Explaining the algorithm to decision-makers: Oversight means making AI risks understandable to judges, boards, and the public—clearly and credibly.

What the VA story adds is a vivid reminder that effective AI oversight is a system, not a slogan. The inspector general emphasized that AI can be “a helpful tool” only if it is paired with meaningful human engagement: defined review processes, clear routes for reporting concerns, and institutional learning from near misses. For law practice, that points directly toward structured workflows.

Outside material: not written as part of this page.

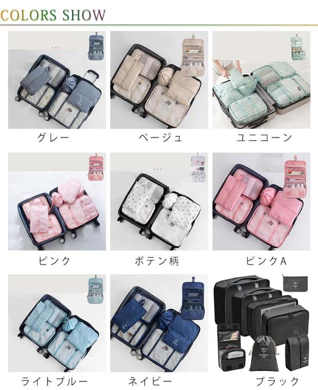 | スーツケースの中もすっきり整理整頓便利なトラベルポーチ8点セット。 バッグ内がすっきり整理でき、旅での気分を楽しくさせます。 シューズケース付きで、入院の際も便利 良質なポリエステル材料を採用、防水、防塵、軽量の特徴を持ち、携帯に便利です。繰り返し使用可能で長持ちします 旅行や出張などのほか、普段でも荷物の整理にも便利です。 使わないときは小さくコンパクトに折りたたむことができます。男女問わずお使い頂けます。 | |

AI‑assisted drafts should be treated as hypotheses, not answers. Reasonable human oversight includes verifying citations, checking quotations against original sources, stress‑testing legal conclusions, and documenting that review—especially in high‑stakes matters involving liberty, benefits, regulatory exposure, or professional discipline.

For lawyers with limited to moderate tech skills, this should not be discouraging; done correctly, AI governance actually makes technology more approachable. You do not need to understand model weights or training architectures to ask practical questions: What data does this tool see? When has it been wrong in the past? Who is responsible for catching those errors before they reach a client, a court, or an opposing party? Thoughtful prompts, standardized checklists for reviewing AI output, and clear sign‑off requirements are all well within reach of every practitioner.

The VA’s experience also highlights the importance of mapping AI uses and classifying their risk. In health care, certain AI use cases are obviously safety‑critical; in law, the parallel category includes anything that could affect a person’s freedom, immigration status, financial security, public benefits, or professional license. Those use cases merit heightened safeguards: tighter access control, narrower scoping of AI tasks, periodic sampling of outputs for quality, and specific training for the lawyers who use them. Importantly, this is not a “big‑law only” discipline. Solo and small‑firm lawyers can implement proportionate governance with simple written policies, matter‑level notes showing how AI was used, and explicit conversations with clients where appropriate.

Critically, AI does not dilute core professional responsibility. If a generative system inserts fictitious cases into a brief or subtly mischaracterizes a statute, the duty of candor and competence still rests squarely on the attorney who signs the work product. The VA continues to hold clinicians responsible for patient care decisions, even when AI is used as a support tool; the law should be no different. That reality should inform how lawyers describe AI use in engagement letters, how they supervise junior lawyers and staff, and how they respond when AI‑related concerns arise. In some situations, meeting ethical duties may require forthright client communication, corrective filings, and revisions to internal policies.

AI oversight starts at the desk: Lawyers must be able to interrogate model outputs, data quality, and risk signals—before technology impacts patient care.

The practical lesson from the VA’s AI warning is straightforward. The “human touch” in legal technology is not a nostalgic ideal; it is the safety mechanism that makes AI ethically usable at all. Lawyers who embrace AI while investing in governance—policies, training, and oversight calibrated to risk—will be best positioned to align with the ABA’s evolving guidance, satisfy courts and regulators, and preserve hard‑earned client trust. Those who treat AI as a magic upgrade and skip the hard work of oversight are, knowingly or not, accepting that their clients may become the test cases that reveal where the system fails. In a profession grounded in judgment, the real innovation is not adopting AI; it is designing a practice where human judgment still has the final word.